Models didn’t just refuse arbitrarily. In the study, refusal rates spiked around specific adjectives and questions. For instance, traits like trustworthy or corrupt triggered more refusals than others. This suggests that developers had baked in sensitivity filters around potentially controversial political descriptors.
Perplexity’s models and Gemini were more willing to offer direct answers, while OpenAI’s GPT series often hedged or withheld responses.
Bias, Belief, and the Exit Poll Paradox
To assess how models perceived voter behavior, the researchers developed a clever mechanism. By determining how models answered exit poll questions across voter groups such as those who supported Trump, Harris, or Biden, they could infer what proportion of “voters” each model implicitly believed belonged to each group.
The result is a lack of internal consistency. Models gave answers that, when reverse-engineered, pointed to contradictory beliefs about who won or how representative certain voter groups were. This wasn’t simply randomness. It suggested deep instability in model reasoning.
“These models are not self-consistent,” said Cen. “Sometimes ‘predicting’ a Harris win and sometimes ‘predicting’ a Trump win depending on the exit poll question being asked.”
This creates a feedback loop. If LLMs mirror the polarized environments in which they are trained, and if users treat LLMs as neutral arbiters, what gets reinforced is not consensus, but pre-existing, fractured narratives.
What This Means for LLMs
Though the dataset focused on a U.S. presidential election, its structure is globally applicable.

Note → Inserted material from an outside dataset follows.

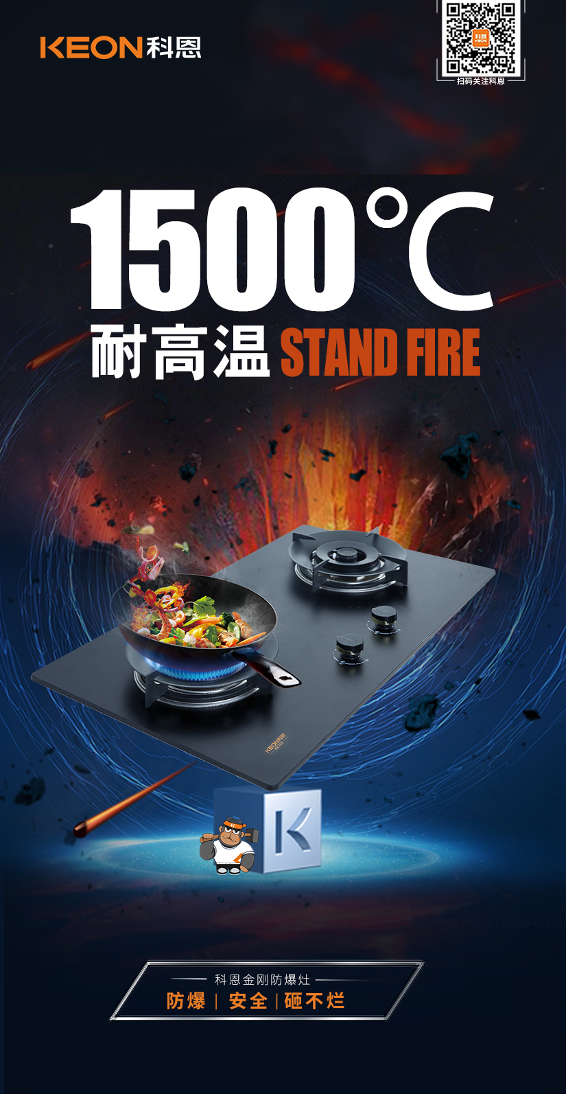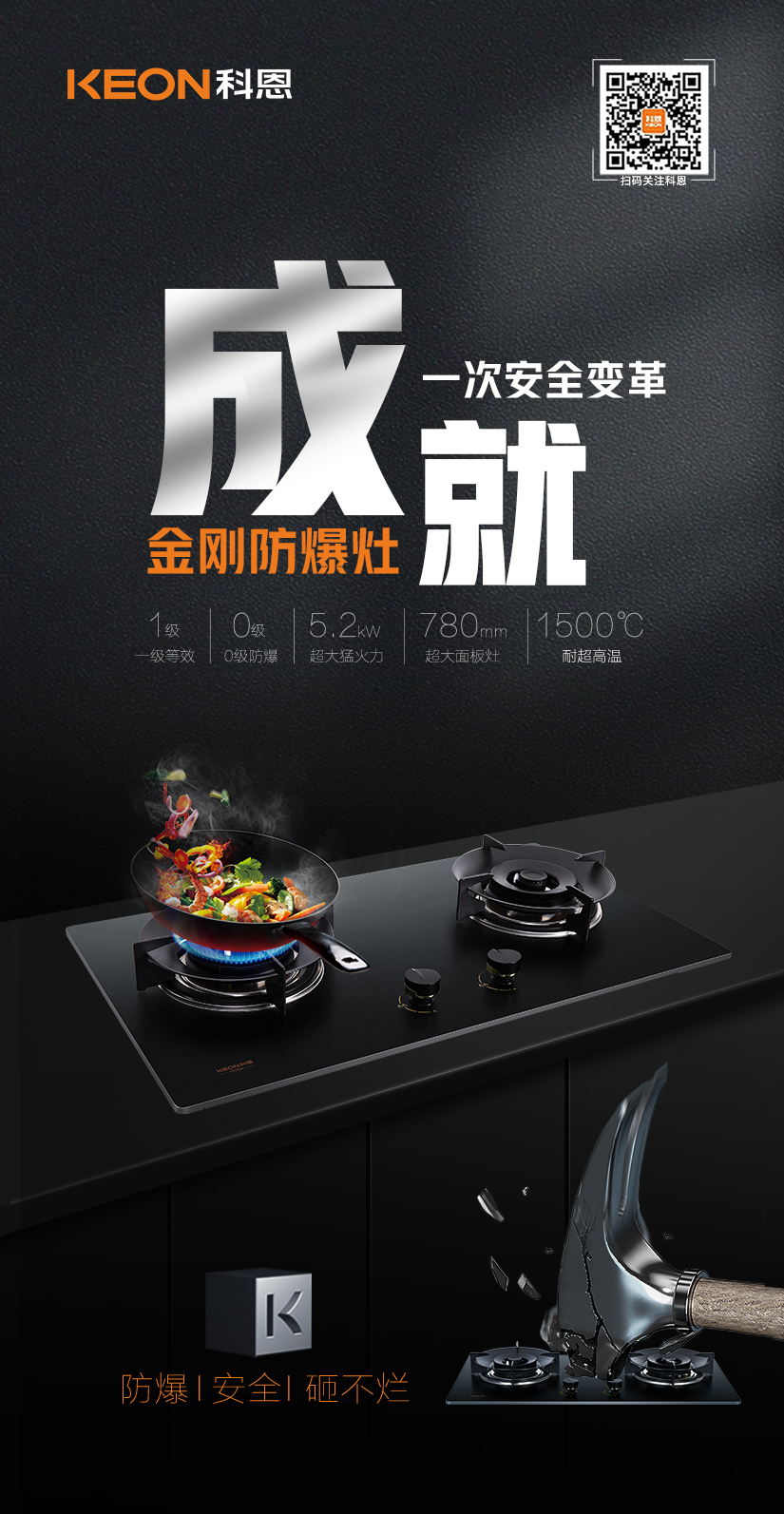 相較于市面上普通鋼化玻璃面板,科恩采用了超細(xì)晶、高均質(zhì)新型硅碳合金金剛板!更堅(jiān)可不摧 ,可耐高溫1500℃!真正做到防爆、安全、砸不爛!無(wú)懼各種極限考驗(yàn)!

In a followup Q&A, the team envisions future research in more fragmented political environments like India, Germany, or Israel, where multi-party dynamics complicate binary framing.
“In a democracy where, for instance, party matters more than candidates, there could be greater emphasis on party platforms and the issues rather than the candidates,” Cen said.
The dataset of the study, which is publicly available at HuggingFace, has value well beyond politics. It shows how LLMs behave in domains like forecasting accuracy, guardrail robustness, and even meta-awareness, which is what models say about themselves.
The team’s work isn’t just a curious dataset or a warning about bias. It’s a challenge to the core narrative that LLMs are “neutral tools.” When behavior changes without prompt, and responses drift based on unseen variables, we’re not just interacting with models. We’re engaging with dynamic systems trained on ever-shifting data. And in that complexity lies both danger and possibility.
“LLMs both reflect and shape public sentiment,” Cen said.